Entertainment

16 Things Only Harry Potter Fans Do When They Have Babies

As my son grows older, I'm getting more and more excited to introduce him to the things that his dad and I enjoy. Of course, we want him to make up his own mind and discover his own passions, but that doesn't mean I can't hope that we'll eventually have some interests in common. And by "some interests", I mean The Most Important Interest Ever, aka, Harry Potter. No pressure, son, but I'm already raising a Harry Potter fan, whether you know it or not.

OK, but seriously, if he doesn't go for it then he doesn't go for it and that's fine. Though the initial sting might feel worse than a dementor's kiss, I know that eventually I'll be just fine with with the fact that my son clearly has no taste, and I'll go on to support his other (lame, boring) interests. But the fact remains that we won't actually know for a few years, so in the meantime I'm able to put HP references aplenty into my parenting, while also dreaming and filling my head with visions of my son and I reading the books and watching the movies together. And, like Dumbledore says, just because something's happening in your head, "why on Earth should that mean it's not real?" Good question, Professor. Here's a bit more about what parenting under the influence of Butterbeer looks like:

You Somehow Think Baby Talk Sounds Like Spells

I mean, doesn't every baby go from "mama" and "dada" straight to "alohamora" and "lumos maxima"?

Your Kids Start Cosplaying Very, Very Early

In some cases, I'm talking "lightning bolt drawn on pregnant belly" early.

You Say Things Like "Accio Pacifier" When Things Fall Behind The Crib

It's worth a try, right? (Wait, don't answer that.)

You Call Everything A "Wand"

And by "everything," I mean markers and sticks, which are pretty much the only long and skinny items my toddler has access to.

Speaking Of Wands, You Take Photos Like This One

He's definitely attempting a spell to help the grass grow. So proud.

Or This One

OMG YOU GUYS IT WORKED.

You Look Into Ways To Put Your Kid On A Hogwarts Waiting List

We've got a few years until he's the requisite 11 years old, so surely by then someone will have something ready for Muggles, right?

Instead Of Lullabies, You Hum The Movie Score

Is it so wrong that I want my song to grow up knowing and loving the classics?

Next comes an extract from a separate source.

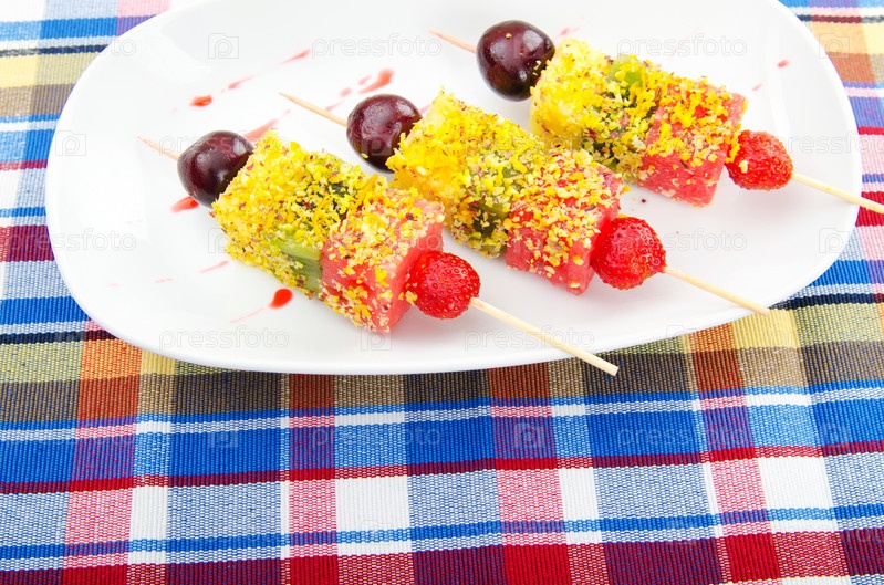 Фруктовый десерт на тарелке

You've Seriously Wondered What Your Child's Patronus Would Be

Baby elephant, if I had to guess.

And What House He Or She Would Be In

Gryffindor, obvi.

You Wish You Could Use Spells To Deal With The Messy Parts Of Parenthood

I mean, it's not that I don't love dirty diapers and sticky high chairs, its just that I'd rather spend more time studying herbology or potions.

While Other Families Plan Trips To Disneyland, You Have Something Else In Mind

Technically, it's The Wizarding World of Harry Potter. But still, traveling to the Quidditch World Cup by portkey would be pretty amazing, too.

Your Partner Has Grown Weary Of Your Tendency To Quote The Books And Films

I imagine it's only a precursor to my son's teenage years, but whatever, I don't care.

You're Excited For The Day Your Child Is Old Enough To Safely Wear Scarves

As a New Year's resolution, I'm seriously considering taking up knitting. So no worries guys, I've so got this covered.

Having A Kid Has Made You Slightly More Sensitive To Some Of The Darker Parts Of The Story

I'm now haunted by the image Cedric's dad at the end of Goblet of Fire.

The Books Are Already Sitting On Your Kid's Shelf, And He Doesn't Yet Know The ABCs

No pressure. We just like to be as prepared as Hermione when she was at her readiness peak in Deathly Hallows.